NumisBids
  
Roma Numismatics Ltd
Auction XXV  22-23 Sep 2022
View prices realized

Lot 1042

Estimate: 10 000 GBP
Price realized: 22 000 GBP
Find similar lots
Share this lot: Share by Email
Commodus AV Aureus. Rome, AD 186-187. M COMM ANT P FEL AVG BRIT, laureate and draped bust to right / HILAR AVG P M TR P XII IMP VIII COS V P P, Hilaritas, draped, standing to left, holding branch and long palm. RIC III 150 var. (also cuirassed); C. -; BMCRE 210 note; Biaggi 992 var. (same, same rev. die); Calicó 2263a (same dies). 7.31g, 20mm, 12h.

Mint State. Extremely Rare with this bust type.

From the Altstetten Collection, kept in the vault of Credit Suisse Geneva (documentation available upon request) since 26 November 1969.

This coin was struck at least a decade into Commodus' rule as co-Augustus and more than five years after the death of his father, the esteemed Marcus Aurelius, had left him as sole ruler of the Roman Empire. The reverse type is one of optimism and cheerfulness, with an image of Hilaritas, the personification of gaiety.
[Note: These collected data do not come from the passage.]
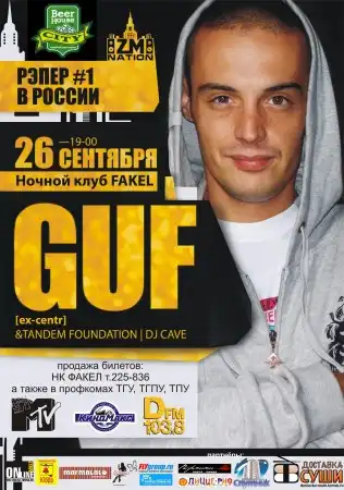НК ФАКЕЛ Сегодня кажется, что песни с "Домов" будут ничуть не хуже качать залы чем когда-то качали "Качели" Centr'a, что будут гореть глаза, а Гуфа будут упоминать как самого "собирающего" артиста. Презентация сольного альбома Guf'а "Дома" в Москве собрала аншлаг - на концерте присутствовало до 3 000 зрителей.
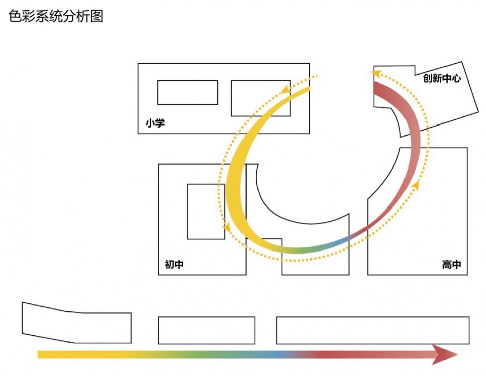 校园内主要教学空间围绕椭圆形的中央庭院展开,东侧是相对独立的steam中心、时光博物馆、行政办公和国际高中部,西侧是义务教育的小学部和初中部,之间设置剧场、体育馆、游泳馆等共享功能,连续立体的四季廊串联各个功能的公共空间,是校园内最活跃的主街,同时在夏热冬冷的天津地区为师生提供了舒适的室内连通。义务教育与国际高中均有各自独立的庭院与体育活动空间。校园南侧是相对安静的初、高中宿舍与教师公寓,地下除去必要的停车与家长接送落客系统外还结合下沉庭院布置了师生餐饮用房。
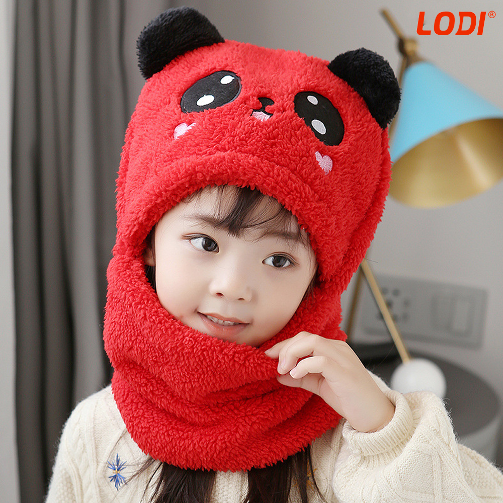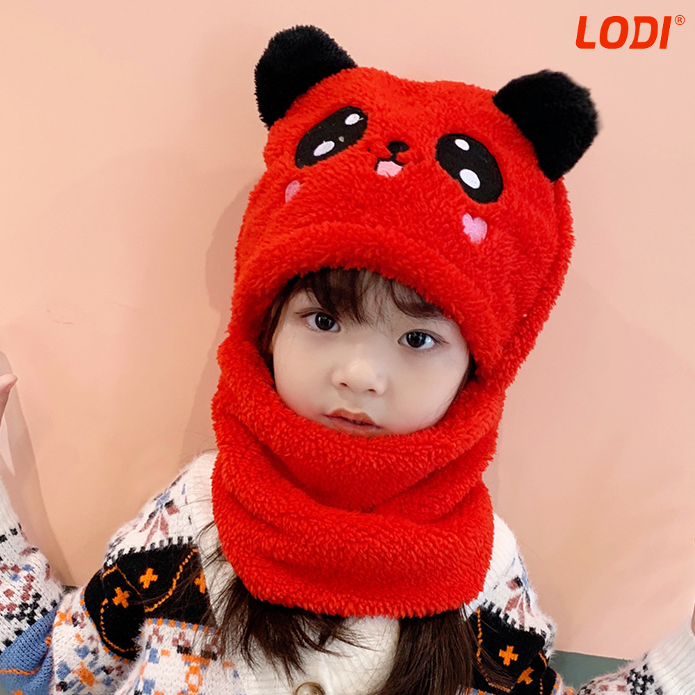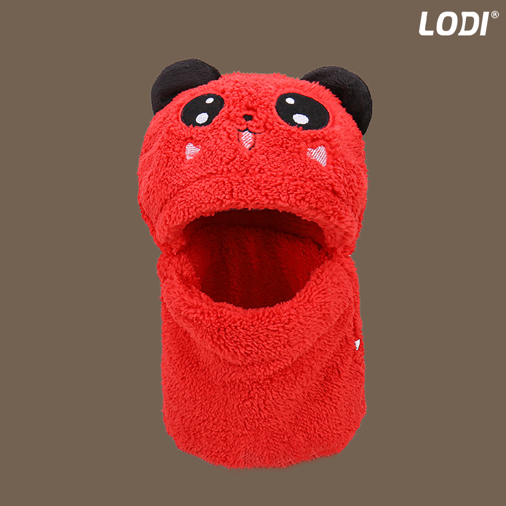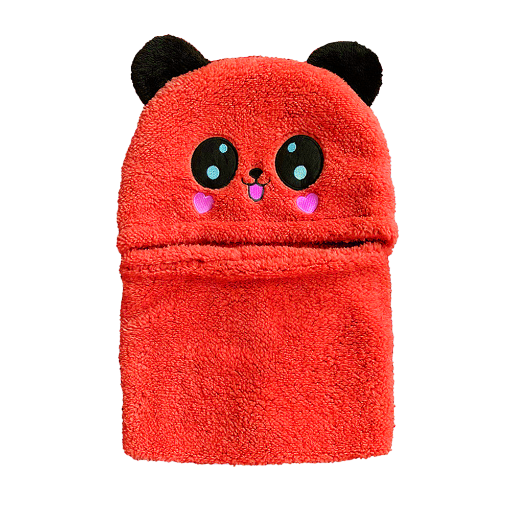 Caciula Pentru Copii Tip Cagula Lodi522, 2 in 1, tematica lumea animalelor, model ursulet panda zambitor, 1-5 ani, rosu

While the name 'hilaria' was originally a general term given to any holiday or festival, by the time of Commodus it had come to be associated specifically with the honouring of Cybele at the March equinox. The employment of HILAR before Commodus' imperial titles and offices is indicative of the type being employed in a spirit of public rejoicing.

Indeed, this period of Commodus' reign was marked by positive developments: a victory in Britain in AD 185 (for which he received the title Britannicus) and the celebration of his decennalia marked by the Primi Decennales games and advertised as the dawn of a new golden age. On the obverse a magnificent high-relief portrait of Commodus, with painstakingly deeply-carved and intricate curls, gazes out serenely in the characteristic mode of Antonine Emperors.

The prosperous image of Commodus' rule proclaimed by this coin was, however, only one side of a highly perilous rule. A recent revolt by the praetorian prefect Perennis, who reportedly intended to proclaim his own son as Emperor, threatened the Emperor's position. He reacted with a spate of executions and a distribution of largesse to the army to ensure loyalty.

This event was quickly followed by an attempted assassination by a deserter named Maternus in AD 187. Maternus conceived of killing Commodus during the festival of the Hilaria, an annual festival celebrated at the spring equinox in the honour of Cybele. Herodian reports that Maternus was betrayed by a follower and subsequently beheaded, after which Commodus made sacrifices to Cybele in gratitude and celebrated the festival with particular splendour along with the people who continued to rejoice the emperor's deliverance after the event (Herodian RH 10.1).

It is likely no coincidence that there are no Hilaritas types of Commodus before AD 186-187 save for those struck when he was Caesar under Marcus Aurelius in AD 175-6 a decade earlier. Mattingly and Sydenham suggest in RIC that the introduction of this type, along with that of Salus (the personification of welfare), attests to the validity of Herodian's account and may be in fact a reference to it (p. 359). Sestertii struck during the same year depicting Pietas sacrificing describe Commodus as the 'auctor pietatis' suggesting the emperor is not only 'pious' but has given the gods more than their normal due. In the BMCRE catalogue, Mattingly argues that the Hilaritas type must be understood in close connection with this description of the emperor as the auctor pietatis and the fall of Maternus (Vol. IV, p. clxiii). Another interesting allusion to this event can be found on a medallion depicting Hilaritas and Salus and dating AD 187-188 (Gnecchi II 99, pl. 84, 9). It has been argued that this medallion is a direct reference to Commodus' escape at the Hilaria (RIC and BMCRE) and may have been given as a New Year gift by the emperor, who was recording the most important event of the previous year (Toynbee, Roman Medallions, end note 139).

Commodus was eventually assassinated in AD 192 and thereafter immediately declared a public enemy by the senate; the serene positivity of this coin belies the atmosphere of treachery, paranoia and complex political manoeuvring around the man himself.